Das Badezimmer stellt besonders hohe Anforderungen an Elektroplanung. Wasser, Feuchtigkeit, Abdichtung, Sanitärinstallation, Lüftung, Heizung, Fliesen, Spiegel, Beleuchtung und Steckdosen müssen sicher und fachgerecht aufeinander abgestimmt werden. Gerade im Bad darf Elektro nicht improvisiert werden.

Bei einer Badsanierung sind typische Elektrothemen:

Eine Badsanierung beginnt oft mit der Frage nach Dusche, WC, Waschtisch, Badewanne, Fliesen und Badmöbeln. Doch die Elektroplanung muss früh dazukommen. Der Spiegel braucht Strom. Der Lüfter muss richtig eingebunden werden. Steckdosen sollen praktisch erreichbar sein. Licht muss blendfrei, funktional und angenehm sein. Wenn eine bodengleiche Dusche geplant wird, müssen alle Gewerke exakt zusammenarbeiten.

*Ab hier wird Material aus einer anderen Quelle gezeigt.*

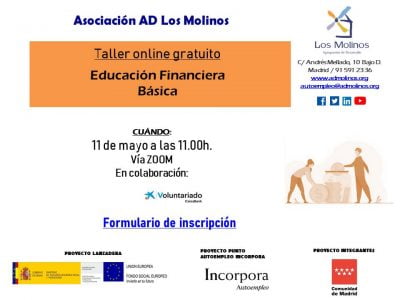 - Contenido: Taller para conocer conceptos financieros básicos y así afrontar la toma de dediciones financieras con mayor seguridad. Taller impartido por los Voluntarios de La Caixa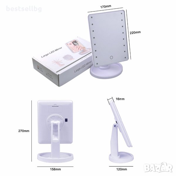 LED огледало за грим с осветление с място за аксесоари

Radex koordiniert Badsanierungen so, dass Elektrofachpartner, SHK-Leistungen, Trockenbau, Fliesen und Innenausbau zusammenpassen. Im Bereich Sanitär und Heizung bringt Radex eigene SHK-Meisterkompetenz ein. Elektroarbeiten werden durch qualifizierte Fachpartner ausgeführt. Dadurch entsteht ein Bad, das nicht nur optisch modern ist, sondern technisch sinnvoll funktioniert.

Besonders bei kleinen Bädern ist die Planung wichtig. Dort gibt es wenig Platz, aber viele Anforderungen. Waschtisch, Spiegel, Schalter, Steckdose, Lüfter, Tür, Dusche und Heizkörper dürfen sich nicht gegenseitig stören. Bei barrierearmen Bädern kommen Erreichbarkeit, Sicherheit, Beleuchtung und langfristige Nutzung hinzu.

Wer ein Bad im Rhein-Main-Gebiet saniert, sollte Elektrokoordination früh einplanen. So werden Licht, Steckdosen, Spiegel, Lüfter und Badtechnik nicht zum Nachtrag, sondern zum festen Bestandteil der Badplanung.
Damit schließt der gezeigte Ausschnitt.